As for the Woodford Patient Capital Trust which launched in April last year, unfortunately, regulation prohibits us from discussing the specifics of its performance because it hasn’t passed its first anniversary yet. Broadly speaking, however, there have been some early successes (the trust also has positions in Stratified Medical and Prothena, for example) but, with a substantial exposure towards the health care industry, it has also been impacted by the deterioration in sentiment towards the US biotechnology sector. This has weighed on the performance of many early-stage health care businesses listed in the UK too, despite the fact that valuations on this side of the Atlantic are typically much more attractive.
It’s important to remind investors of the very long-term nature of the Woodford Patient Capital Trust. We remain extremely confident in the long-term investment opportunity here, which is underpinned by the solid operational progress being made by many of our investee companies which isn’t yet reflected in valuations. If anything, this allows even more confidence in the investment opportunity now than we had at launch.
Looking forward into 2016, we expect a difficult year for risk assets. Over the course of last year, markets have moved to reflect a more cautious view of the global economic outlook and now appear to take some of the risks that have concerned us for several years, much more seriously. At the same time, however, we have been becoming more cautious in our assessment of the global economic environment. As such, we do not believe a significant change to our investment strategy is warranted at this time. The shape of the portfolios remains well-suited to these conditions.
We continue to favour investment in attractively valued, dependable growth opportunities which are capable of delivering growth even in the difficult macroeconomic environment that we foresee. Meanwhile, the fortunes of our earlier-stage companies with considerable long-term growth potential will be largely determined by their own progress, not by macroeconomic factors. On balance, therefore, we remain confident in our ability to continue to deliver attractively positive long-term returns to investors.
This year is shaping up to be a tough one for equity markets but we view the future with confidence.

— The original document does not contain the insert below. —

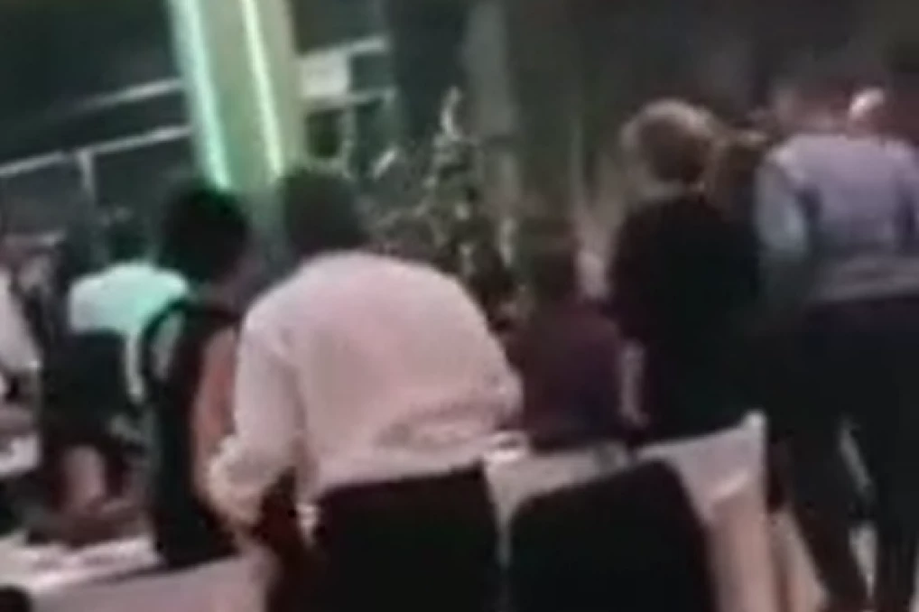 Jedan čovek udara drugog i kreće pometnja, tuča se nastavlja kroz celu salu, a gosti se sklanjaju.

Performance contributions are calculated on a total return basis, including the impact of intra-period trading, gross of fees in sterling using closing prices. Stock returns can only be calculated where the position has been held by for the full period.
Past performance is not a guide to future returns. This data is provided for information purposes only and should not be reproduced, published or disseminated in any manner. Care is taken in ensuring this is accurate as at the stated date. However, this is not guaranteed, and the portfolio may change at any time. This does not constitute investment advice or any recommendation with regard to the listed stocks.